▶ Problem to solve:
Please output, exactly and without pictures, the lines from the opening of the listing below through the line containing "Luxurious & Lucky", both included.

▶ Data excerpt:

━━━━━━━━━━━━━━━━━━━━━━━━━━━━━━

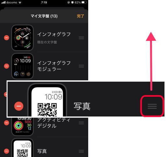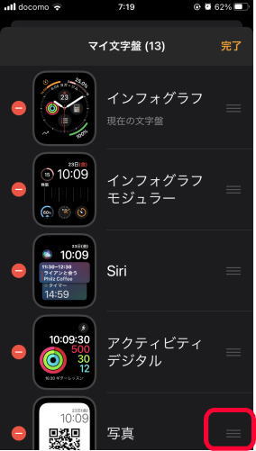 マイ文字盤の一覧が表示されるので、普段使っている文字盤のすぐ下に配置順を入れ替えます。
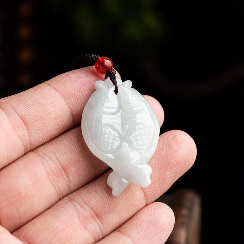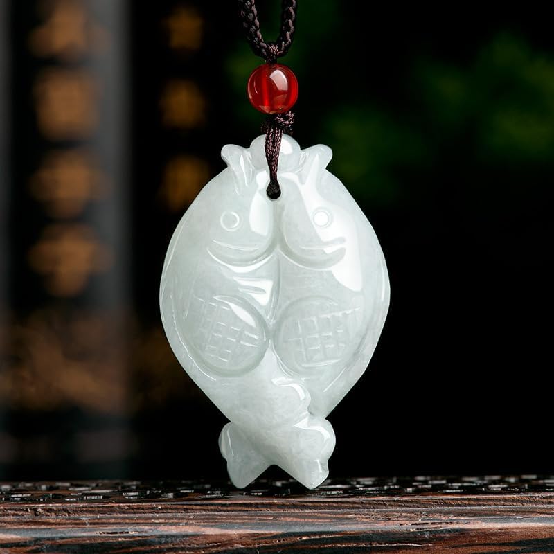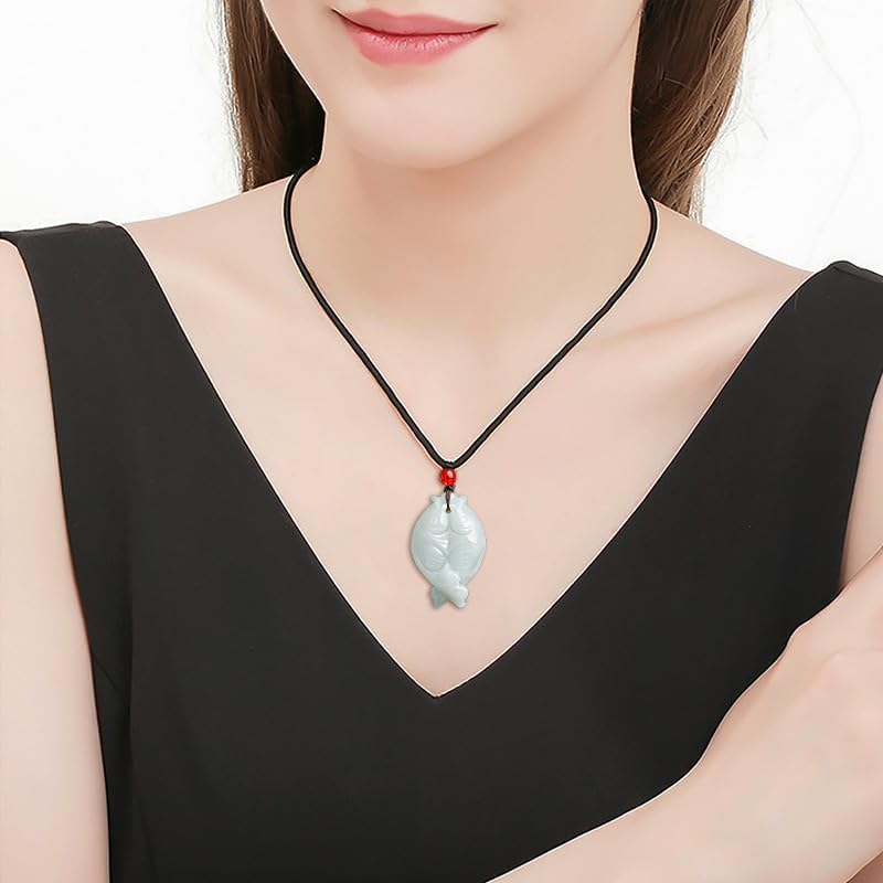 Luxurious & Lucky Natural Jade Necklace – Intricately Designed Double Fish Pendant as a Symbol of Abundance & Good Fortune A Beautiful Token to Celebrate Life’s Significant Moments
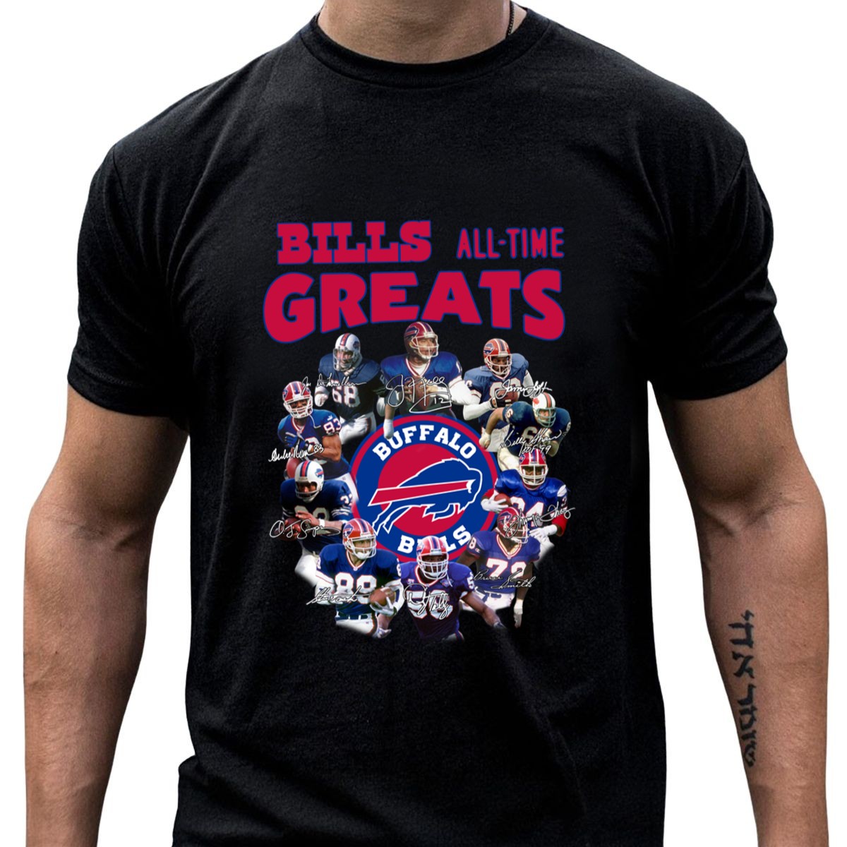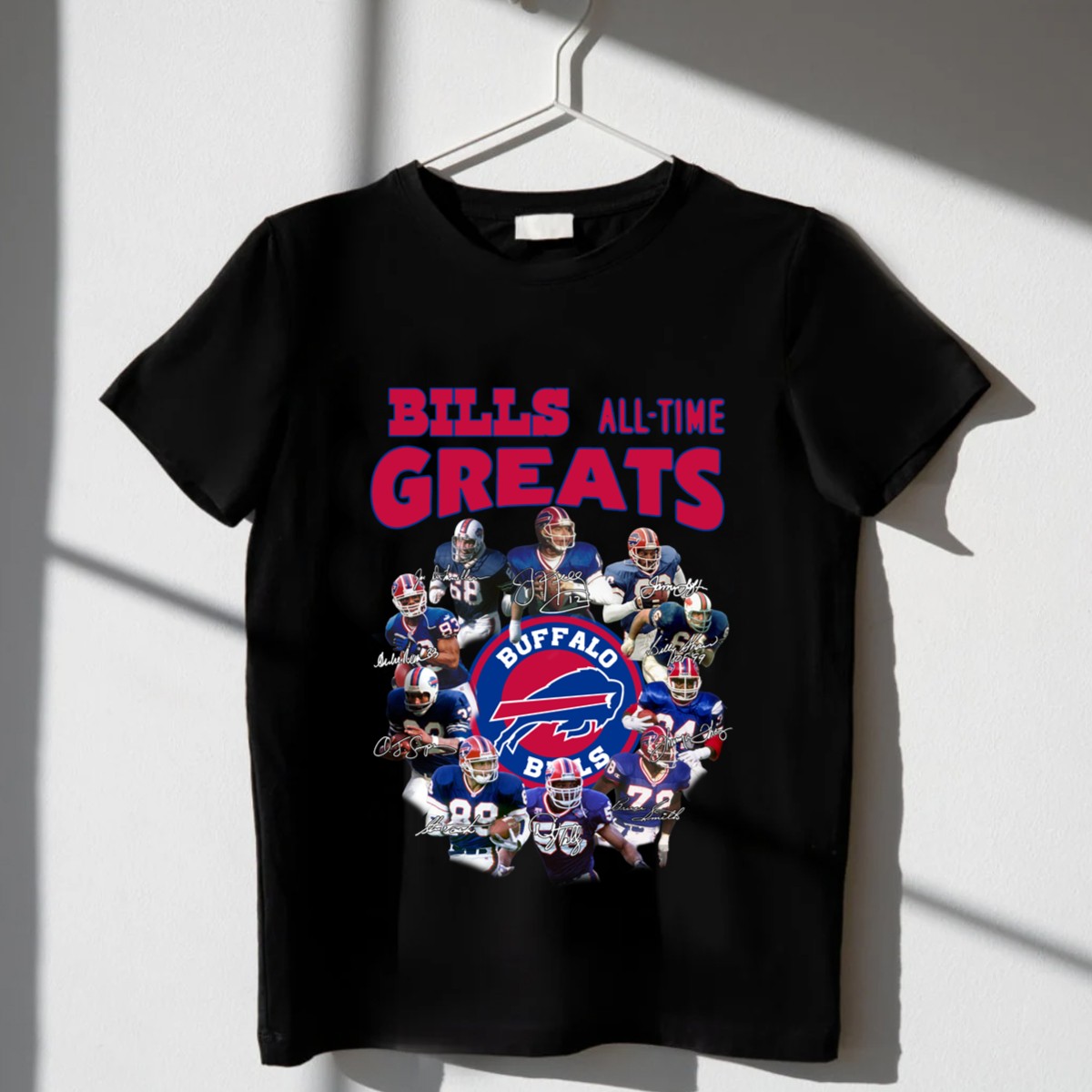 Show your unwavering support for the Buffalo Bills with our exclusive all team greats signature T-shirt! This fan-made design celebrates the legendary players who have donned the Bills jersey, making it a perfect choice for die-hard fans. Whether you’re heading to a game, a themed event, or just enjoying a casual day out, this shirt combines style and comfort, allowing you to wear your team pride wherever you go. Printed in the USA, it’s not just apparel; it’s a badge of honor for any Bills enthusiast!

━━━━━━━━━━━━━━━━━━━━━━━━━━━━━━

▶ Response:
 マイ文字盤の一覧が表示されるので、普段使っている文字盤のすぐ下に配置順を入れ替えます。
 Luxurious & Lucky Natural Jade Necklace – Intricately Designed Double Fish Pendant as a Symbol of Abundance & Good Fortune A Beautiful Token to Celebrate Life’s Significant Moments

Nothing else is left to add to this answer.